19th Century Capitalism, Depression, and Imperialism
19th Century Capitalist Economy Cycles
The capitalist economy is characterized by cycles of high industrial production followed by crises. These crises often result from excessive industrial production, creating more goods than the market can absorb for consumption. Consequently, prices fall, profits decrease, and unemployment rises.
The Great Depression of 1873-1896
The economic crisis beginning in 1873, known as the Great Depression (1873-1896), was the first major depression under capitalism. Millions of European farmers became victims, emigrating overseas as European markets were invaded by cheaper agricultural products. This invasion caused prices and profits for European farmers to fall by up to 30%. More farmers had to leave the rural sector, leading to increased unemployment in Europe. Industry also suffered, with wages decreasing over the long term. As a result of the crisis, prices fell sharply, and competition intensified, particularly with the United States (where prices fell by 45%). Businesses focused on reducing production costs. Leading industrial powers implemented protectionist economic measures to control domestic markets and secure economic resources.
Rise of Colonialism and Imperialism
Around 1890, economic factors became deeply intertwined with political imperialism. Key drivers included:
- The search for new markets due to excess production and consumption needs.
- Access to suppliers of raw materials.
- Finding secure places for capital investment.
Political and Social Drivers
Political motivations were also significant:
- Nationalism and prestige: Control over territories became associated with national power.
- Competition: Nations did not want to be left behind by their rivals.
- Demographic pressure: European population growth led to large-scale emigration to colonies overseas, relieving social pressures.
- A spirit of scientific exploration and missionary work also played a role.
From 1876 to 1914, approximately a quarter of the planet’s surface was divided as colonies among a few states.

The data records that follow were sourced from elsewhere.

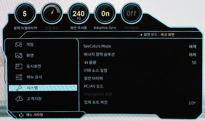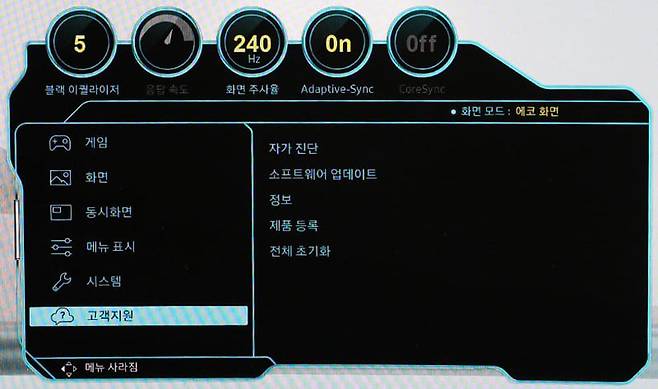 화면 하단의 버튼을 이용해 OSD 메뉴에 들어가보면 게임과 화면, 동시화면, 메뉴 표시, 시스템, 고객지원 등 여섯 개의 메인 메뉴를 확인할 수 있다. OSD의 상단에는 블랙 이퀄라이저와 응답 속도, 화면 주사율, 어댑티브 싱크, 코어싱크 설정 상태가 상시 표시된다.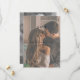 Envie seus anúncios de noivado com estilo com este elegante Save the Date de casamento preto e branco, apresentando uma camada de textura de vélin falso sobre sua foto de noivado de cor clara. O verso do convite apresenta uma textura popular de aquarela preta e branca, e um código QR que leva ao site do seu casamento. Projetado com convites de casamento para combinar. Certifique-se de seguir nossa loja se você gosta deste design! NOTA DO CRIADOR: A "sobreposição de vélin" neste produto é um efeito digital. Copyright Anastasia Surridge para Anastasia Designs, todos os direitos reservados.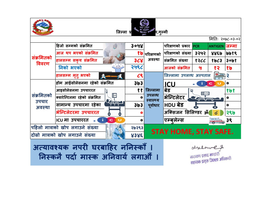 मिति २०७८। ०३।०२ कोभिड-१९ को गुल्मी जिल्लाको संक्षिप्त विवरण ।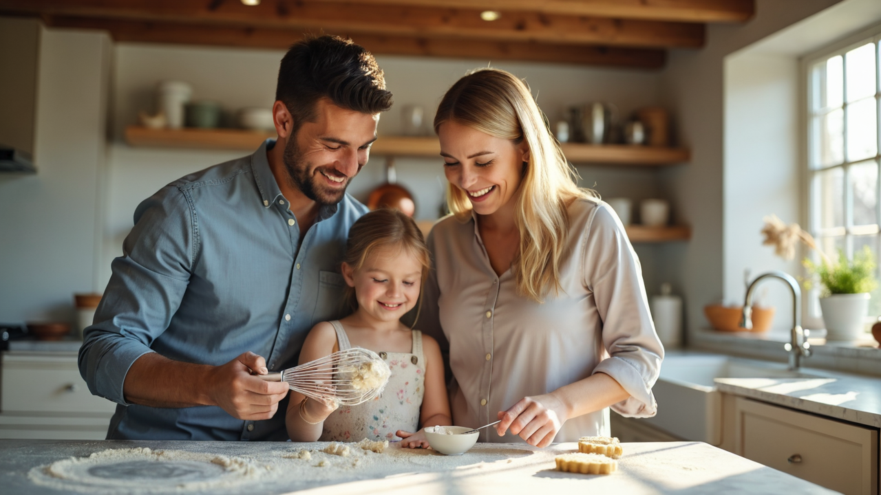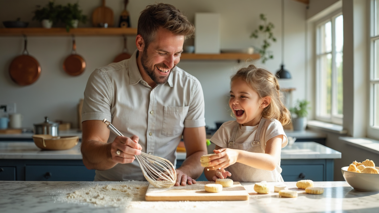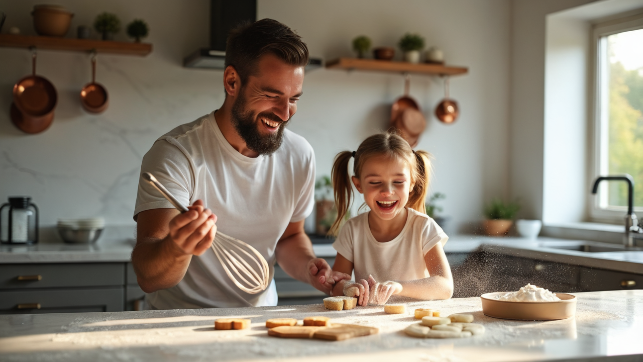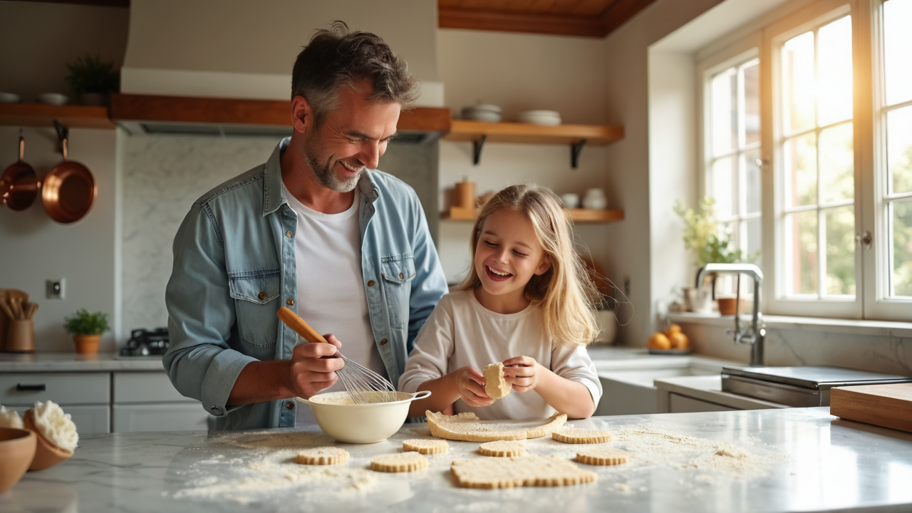 family moments father-daughter cookie cutting marble kitchen playful mess Baking together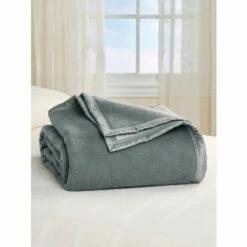 - Reversible blanket (gray and blue have dark on one side, light on the other; natural is the same on both sides)

Around 40 million Europeans started new lives on other continents.
Colonial Resources and Global Economy
European countries became interested in specific resources from various regions:
- Nearby Eastern regions for oil.
- Malaya for tin.
- South Africa as the main producer of gold and diamonds.
- India and Ceylon (Sri Lanka) for tea.
- Tropical colonies for coffee, cocoa, tobacco, and sugar.
Colonized territories gained increasing importance in the new world economy, both for production and consumption.
British Empire: Colonial Dominance
By the late 19th century, the United Kingdom was the main political and economic power, controlling a strategic network of locations:
- Mediterranean: Gibraltar and Malta.
- Route to India: Cape Town (South Africa), Aden, and Ceylon.
- Route to China: Singapore and Hong Kong.
Settler Colonies and India
Some colonies, known as settler colonies, absorbed surplus population from the United Kingdom: Australia, New Zealand, South Africa, and Canada.
India played a crucial role, particularly as a market for British manufactured cotton textiles. By 1890, the British Crown ruled India’s 300 million people with only about 6,000 British officials, supported by 70,000 soldiers. During this era, British control was extended to Burma (Myanmar).